_Work to complete_
Return all of the listing word for word; the pictures stay out.

_Source material_
• • • •
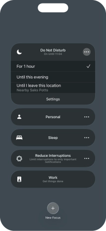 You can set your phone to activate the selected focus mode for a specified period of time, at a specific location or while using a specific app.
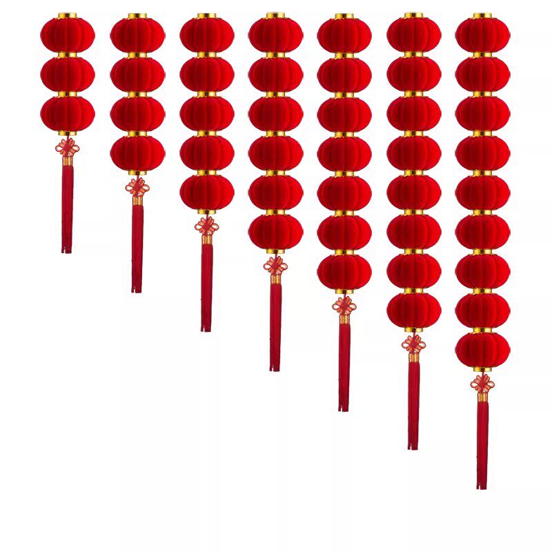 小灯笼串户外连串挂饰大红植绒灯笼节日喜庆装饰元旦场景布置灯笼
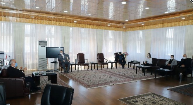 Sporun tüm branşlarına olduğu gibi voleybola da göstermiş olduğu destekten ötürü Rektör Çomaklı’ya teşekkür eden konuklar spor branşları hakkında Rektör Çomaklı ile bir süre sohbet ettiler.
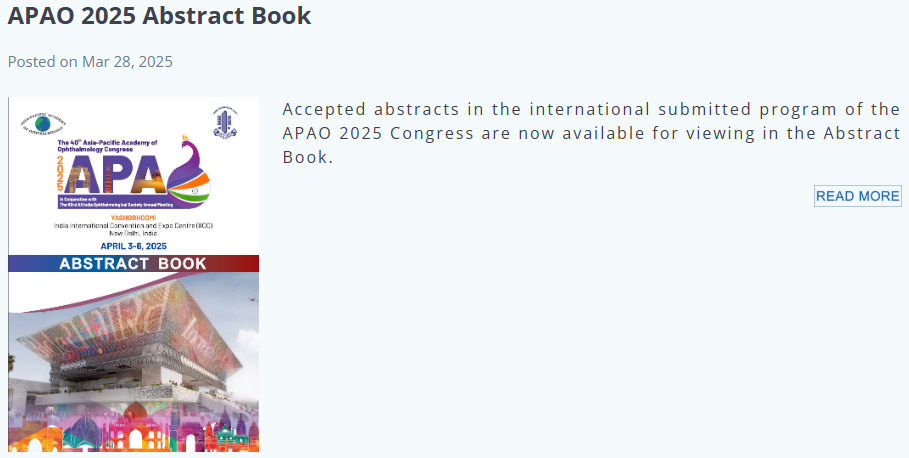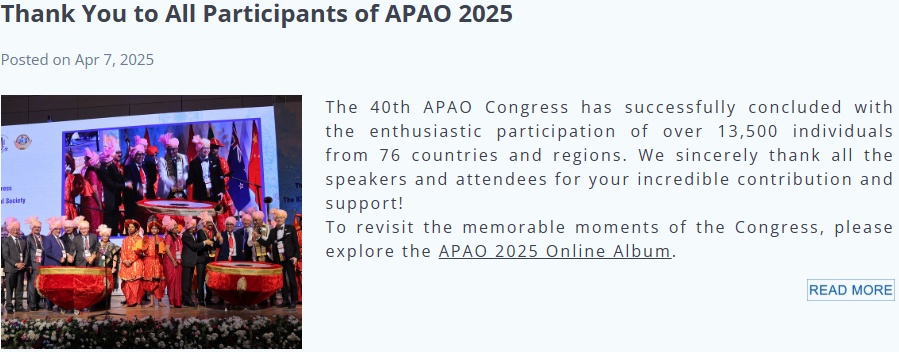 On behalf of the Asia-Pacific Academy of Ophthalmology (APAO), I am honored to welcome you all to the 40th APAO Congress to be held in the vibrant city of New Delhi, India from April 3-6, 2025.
• • • •
_Response area_
 You can set your phone to activate the selected focus mode for a specified period of time, at a specific location or while using a specific app.
 小灯笼串户外连串挂饰大红植绒灯笼节日喜庆装饰元旦场景布置灯笼
 Sporun tüm branşlarına olduğu gibi voleybola da göstermiş olduğu destekten ötürü Rektör Çomaklı’ya teşekkür eden konuklar spor branşları hakkında Rektör Çomaklı ile bir süre sohbet ettiler.
 On behalf of the Asia-Pacific Academy of Ophthalmology (APAO), I am honored to welcome you all to the 40th APAO Congress to be held in the vibrant city of New Delhi, India from April 3-6, 2025.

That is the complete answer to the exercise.